▶ Your assignment
Whenever the word "watershed" shows up in a line of the data, copy that line.

▶ Input material
******************************
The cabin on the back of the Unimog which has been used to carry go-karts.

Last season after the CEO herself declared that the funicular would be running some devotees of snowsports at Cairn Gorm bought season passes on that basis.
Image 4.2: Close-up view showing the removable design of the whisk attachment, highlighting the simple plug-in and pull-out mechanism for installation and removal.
******************************
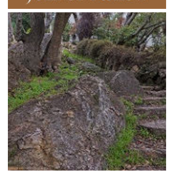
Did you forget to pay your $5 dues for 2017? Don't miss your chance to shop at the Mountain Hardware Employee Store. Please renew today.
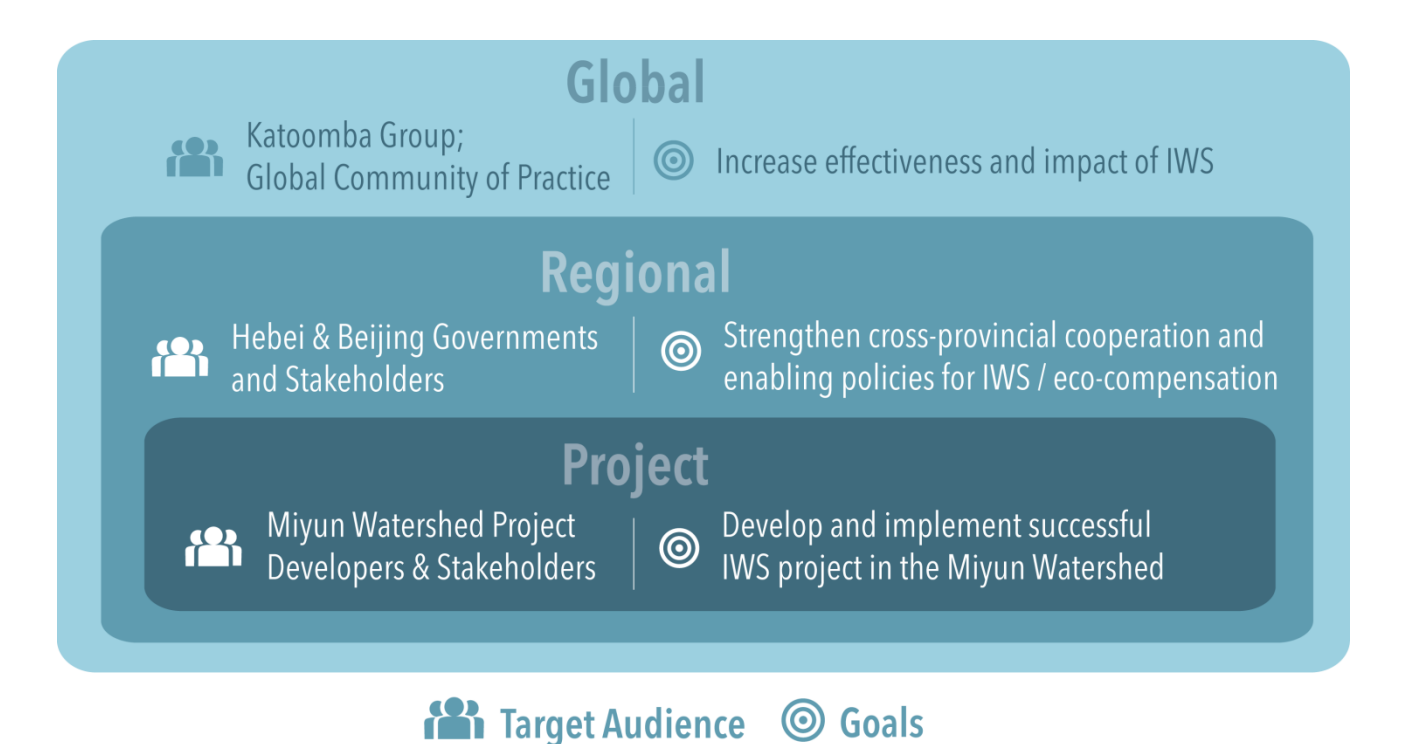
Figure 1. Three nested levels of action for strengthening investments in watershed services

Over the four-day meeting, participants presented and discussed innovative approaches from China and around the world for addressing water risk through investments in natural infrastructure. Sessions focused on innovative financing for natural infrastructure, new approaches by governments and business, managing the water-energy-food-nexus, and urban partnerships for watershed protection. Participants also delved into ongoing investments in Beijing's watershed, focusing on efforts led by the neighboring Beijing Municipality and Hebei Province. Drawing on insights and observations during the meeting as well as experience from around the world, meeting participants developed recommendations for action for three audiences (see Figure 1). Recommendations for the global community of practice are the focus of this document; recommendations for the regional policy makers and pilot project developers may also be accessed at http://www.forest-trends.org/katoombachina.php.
******************************
▶ Task response
Figure 1. Three nested levels of action for strengthening investments in watershed services
Over the four-day meeting, participants presented and discussed innovative approaches from China and around the world for addressing water risk through investments in natural infrastructure. Sessions focused on innovative financing for natural infrastructure, new approaches by governments and business, managing the water-energy-food-nexus, and urban partnerships for watershed protection. Participants also delved into ongoing investments in Beijing's watershed, focusing on efforts led by the neighboring Beijing Municipality and Hebei Province. Drawing on insights and observations during the meeting as well as experience from around the world, meeting participants developed recommendations for action for three audiences (see Figure 1). Recommendations for the global community of practice are the focus of this document; recommendations for the regional policy makers and pilot project developers may also be accessed at http://www.forest-trends.org/katoombachina.php.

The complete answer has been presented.